To get started with data processing with Docling explore the provided examples.

Prerequisites

Install the data processing library as described in Set up your working environment.

Procedure

To access the data processing examples, clone the data processing Git repository:
- To clone the https://github.com/opendatahub-io/data-processing.git repository from JupyterLab, follow the steps in Clone an example Git repository and specify the 3.0 branch.
- To create a local clone of the repository, run the following command:
  git clone https://github.com/opendatahub-io/data-processing -b stable-3.0
Go to the notebooks directory to learn how to use Docling for the following tasks:
Use cases
- Convert unstructured documents (PDF files) to structured format (Markdown) - with and without vision‑language model (VLM)
- Chunk - Split documents into smaller, semantically meaningful pieces
- Information extraction - Use template formats to extract specific data fields from documents like invoices.
- Subset selection - Use this script or notebook to reduce the size of your dataset. The algorithm analyzes an input dataset and reduces it in size, while ensuring data diversity and coverage.
Tutorials - An example notebook that provides a complete, end-to-end workflow for preparing a dataset of documents for a RAG (Retrieval-Augmented Generation) system.

Additional resources

Docling community project: https://docling-project.github.io/docling/
GitHub Repository for the Docling project source code: https://github.com/docling-project/docling

3.3. Automate data processing steps by building AI pipelines
Copier lien

With Kubeflow Pipelines (KFP), you can automate complex, multi-step Docling data processing tasks into scalable workflows.

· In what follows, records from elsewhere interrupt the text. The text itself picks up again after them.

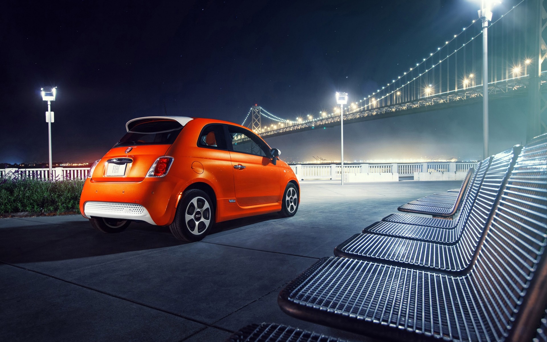 Orange auto geparkt an der promenade mit blick auf die brückeOrange Auto geparkt an der Promenade mit Blick auf die Brücke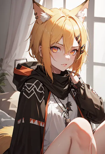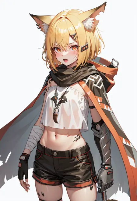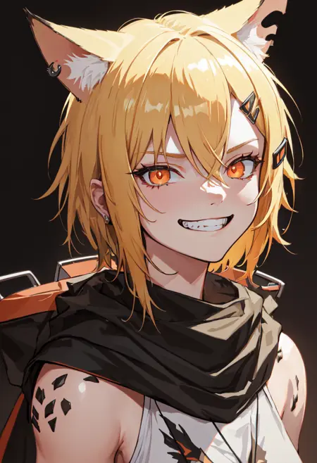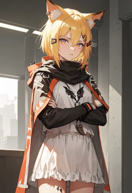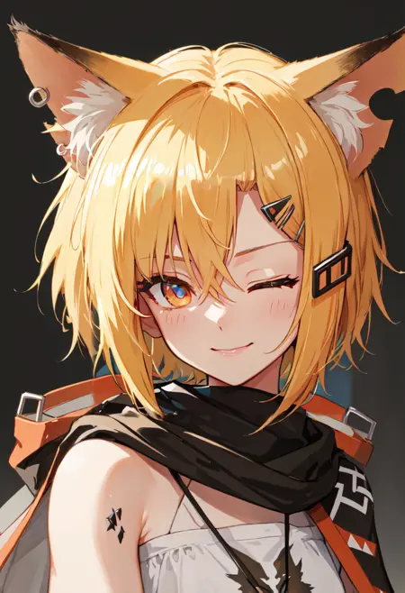 トリガー語はvermeil_arknights、削除されたタグはanimal_ears, fox_ears, short_hair, blonde_hair, notched_ear, animal_ear_fluff, hair_ornament, hairclip, fox_girl, orange_eyes, hair_between_eyes, tail, fox_tailです。ある特徴(例:髪の色)が安定しない場合、これらのタグをプロンプトに追加してください。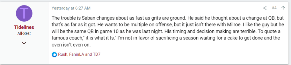 They played a talented team early in the year. They’ve done that a few times, but it is more of an exception than the rule. I’d still bet on them winning the SEC West and having the best chance at beating Georgia.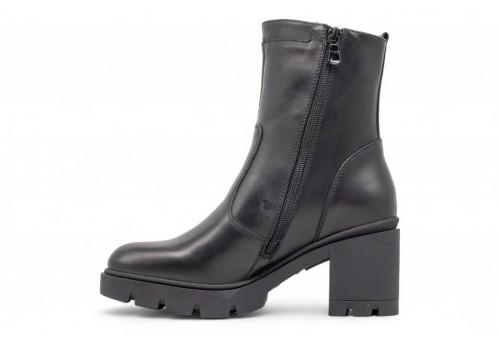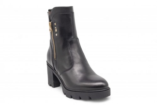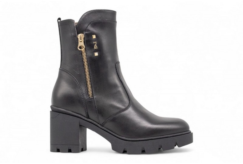 NERO GIARDINI stivaletto in pelle. Stivaletto con tacco a blocco realizzato in pelle con dettaglio zip laterale dorata.Chiusura con zip . Fondo in gomma dentellato. COLORE: nero
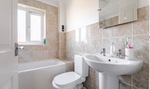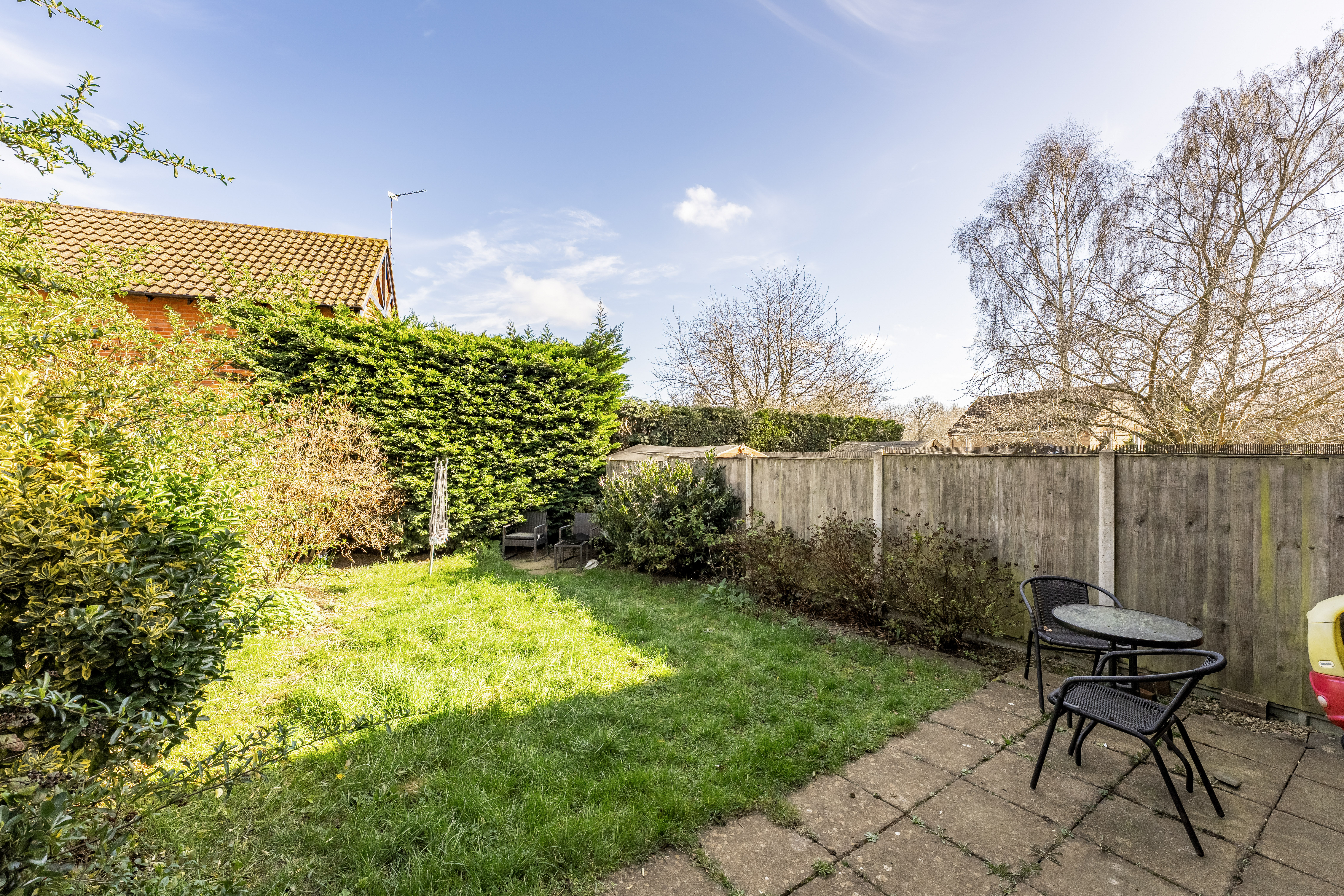 Outside, the rear garden is a particularly appealing feature, a great-sized plot that strikes the perfect balance between manageable and enjoyable. With a patio area for seating and entertaining, a lawn for children or pets to play, and enclosed fencing complemented by greenery, it offers privacy and a pleasant setting to unwind.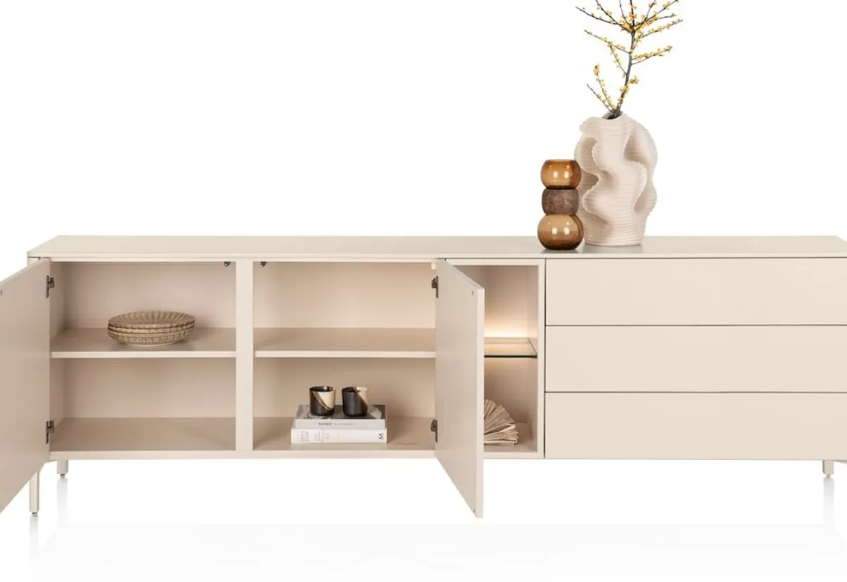 Best XOOON Trentino, Dressoir 240 cm. – 2-deuren + 3-laden + 2-niches – Creme
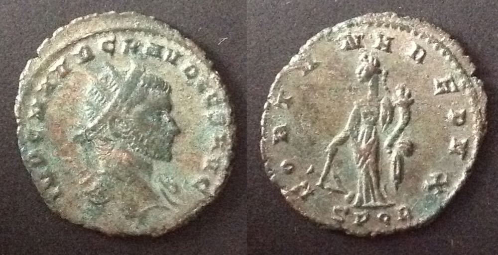I have one of these of a different reverse legend. These are also cool because of the longer obverse legend that you don't usually see for good ole Claud. It's not in great shape but I like it. Edit: Also note the 3 dots under the obverse bust. Claudius II Cyzicus IMP C M AVR CLAVDIVS AVG Radiate bust right, slight drapery on left shoulder, under bust PAX AETERNA Pax standing left, holding olive branch upward in right hand, scepter in left SPQR in exergue RIC V, Part I, 237a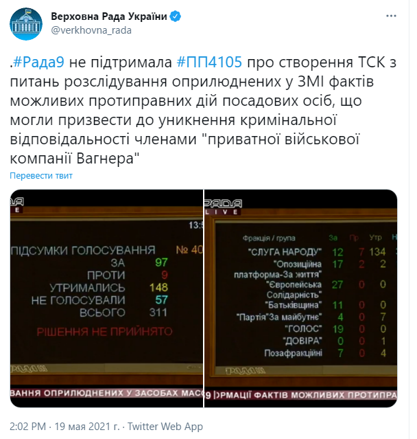 В среду, 19 мая, Верховная Рада на пленарном заседании провалила создание временной следственной комиссии для изучения так называемого дела "вагнеровцев" (проекты №4105 и №5243).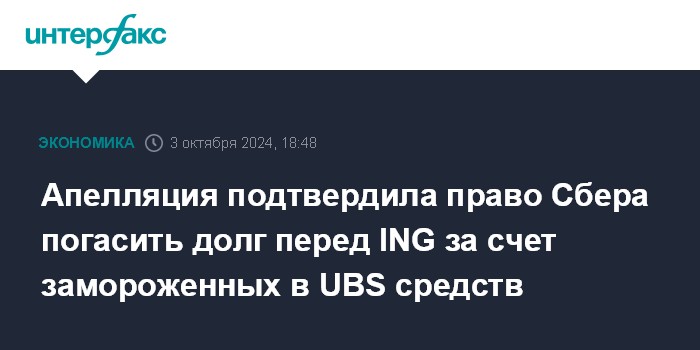 Апелляция подтвердила право Сбера погасить долг перед ING за счет замороженных в UBS средств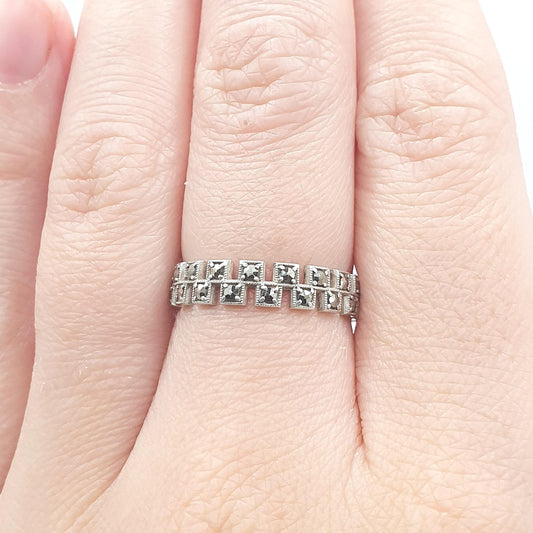 Antique Art Deco Solid Silver Marcasite Eternity Ring Stepped Flapper 1920s Unisex Womens Jewelry Jewellery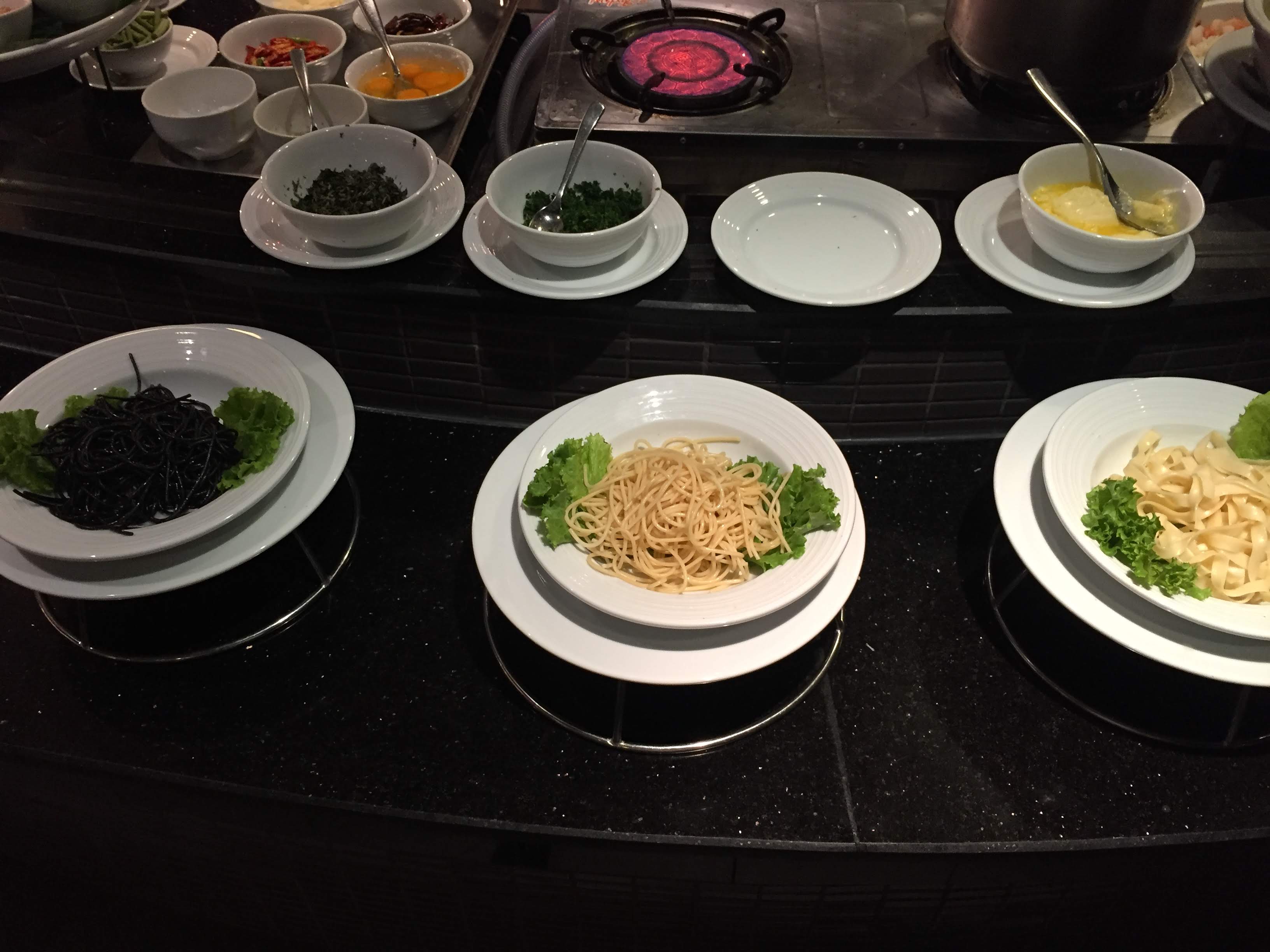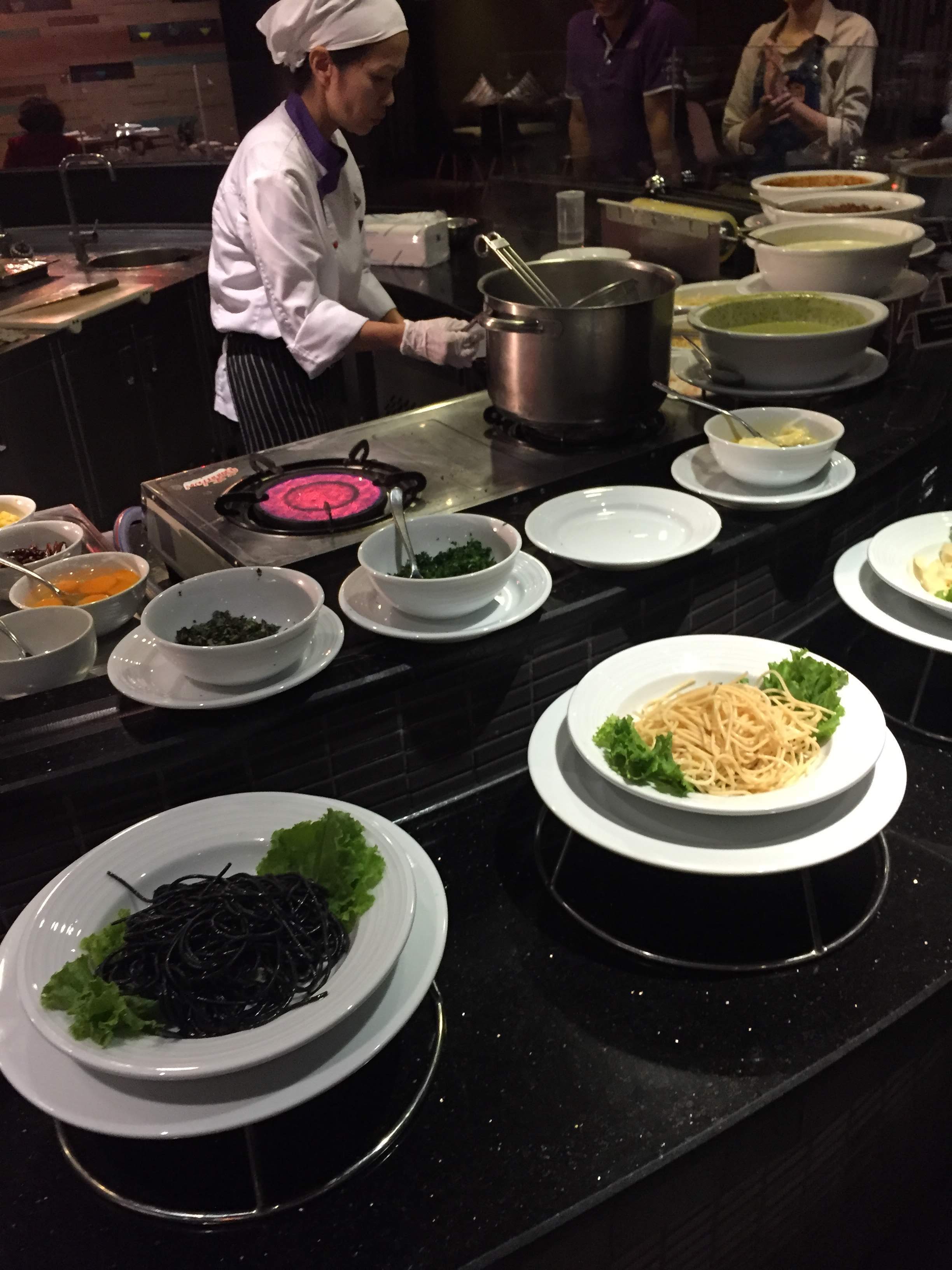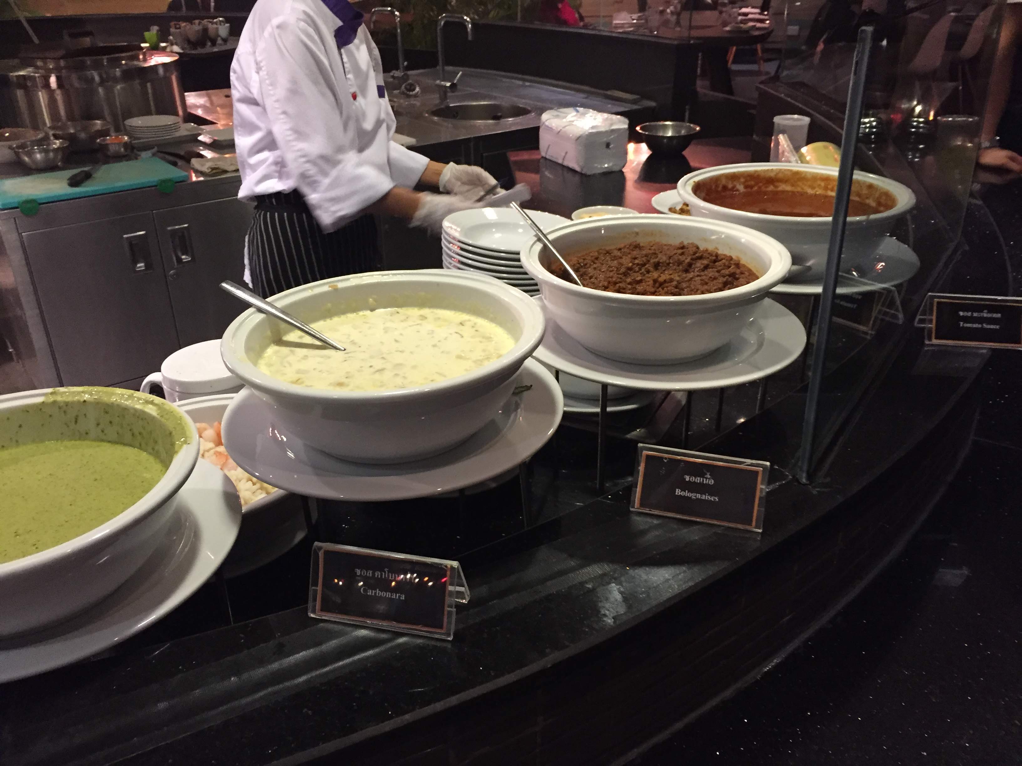 ถัดมาเป็น pasta station มีเส้นสปาเกตตี้ เส้นดำและเฟสตูชินี เลือกคู่กับซอสเพสโต, มะเขือเทศ, ซอสเนื้อ, คาโบนารา หรือผัดขี้เมา ผมเลือกทานซอสเพสโต เชฟทำมาอร่อยดีครับ

With the KFP Software Development Kit (SDK), you can define custom components and stitch them together into a complete pipeline. The SDK allows you to fully control and automate Docling conversion tasks with specific parameters.

Note: You can build a custom runtime image to ensure that all required Docling dependencies are present for pipeline execution. For information on how to run a Docling pipeline with a custom image see the Docling Pipeline documentation.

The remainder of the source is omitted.